Scott Kubie has been using dividend-focused exchange-traded funds for several years. But recently he thinks these vehicles, which focus on dividend-rich pockets such as U.S. utilities, have become over-mined territory.

“Investors have been buying high-dividend stocks as a substitute for bonds, even though they’re clearly not,” says Kubie, the chief investment strategist of CLS Investments. “The big question is whether or not people are overpaying for high dividends. And in a lot of cases the answer is yes.”

Because dividends have historically accounted for about 40% of total stock market returns, they’re still an important part of his investment strategy. But there’s a difference between funds that simply offer the highest yielders and those whose companies can show dividend growth at a healthy clip. Kubie is now focused on the latter.

The high yielders are typically utilities and industrials. They are more sensitive to interest rates than most stocks—doing better than the market when rates fall and worse when they rise. Dividend growers, by contrast, come from “growthier” industries such as technology, health care and consumer goods. Although they yield about the same or slightly higher than the overall market, they can grow dividends faster because they benefit from strong cash flow and growing earnings. These traits make them less sensitive to interest rates than other high-dividend stocks.

Dividend Growth
The dividend growers have characteristics that help during slow economic growth, says Tyler Mordy, president of HAHN Investment Stewards.

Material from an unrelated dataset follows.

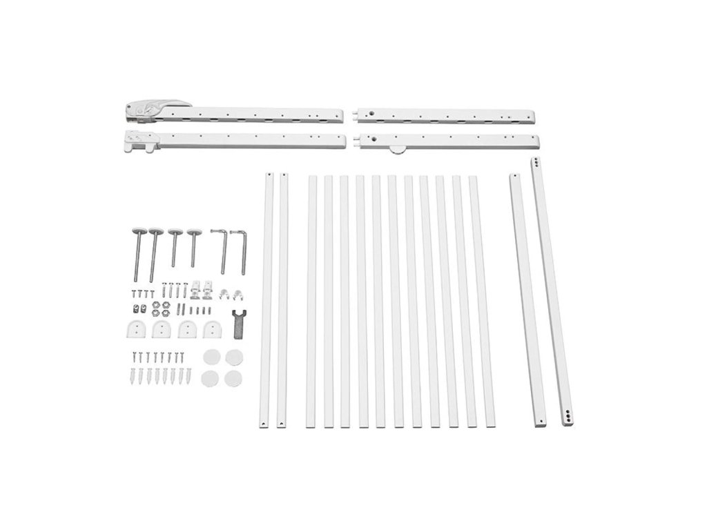 Mřížku lze instalovat dvěma způsoby – přítlačně bez vrtání nebo šroubováním pro pevné a trvalé uchycení. Nastavitelná šířka umožňuje použití v otvorech od 63,5 do 106 cm, což zajišťuje vysokou flexibilitu při montáži.

“I think investors will be willing to pay a premium” for such businesses, he says. “The companies also have better growth potential than those that pay the highest dividend because they can use their cash for other purposes, such as acquisitions.”

The biggest dividend growth ETF, one favored by both Kubie and Mordy, is the $20 billion Vanguard Dividend Appreciation fund (VIG). It has a low 0.10% expense ratio, holds companies that have raised their dividends every year for at least the last 10 years and uses screens to weed out businesses that look vulnerable to dividend cuts in the future. Its largest sector exposure is industrials (23%), followed by consumer goods (19%) and consumer services (15%).

With a yield slightly below that of the S&P 500, this clearly isn’t a pure dividend play. Instead, the ETF and others like it use a history of rising dividends and other screens to pinpoint companies with low leverage, high profitability and other quality characteristics that help them stay up in rising markets and weather tougher times.

The recipe worked well for VIG during 2008, when it fell only 27% while the S&P 500 was falling 36%. Over the last five years, the fund has captured 87% of the market’s upside and 86% of its downside with less volatility.

The three-year-old, $2 billion Schwab U.S. Dividend Equity ETF (SCHD) isn’t advertised as a dividend growth offering, though it certainly resembles one. The fund seeks high-quality large-cap companies screened for their cash flow, debt, return on equity, dividend yield and dividend growth. These companies should have paid dividends for at least 10 consecutive years. The largest sector in the fund is consumer staples, representing 22% of assets, followed by industrials with 16% and information technology and energy at roughly 13% each. The fund has a razor-thin expense ratio of just 0.07%, making it the cheapest dividend ETF around.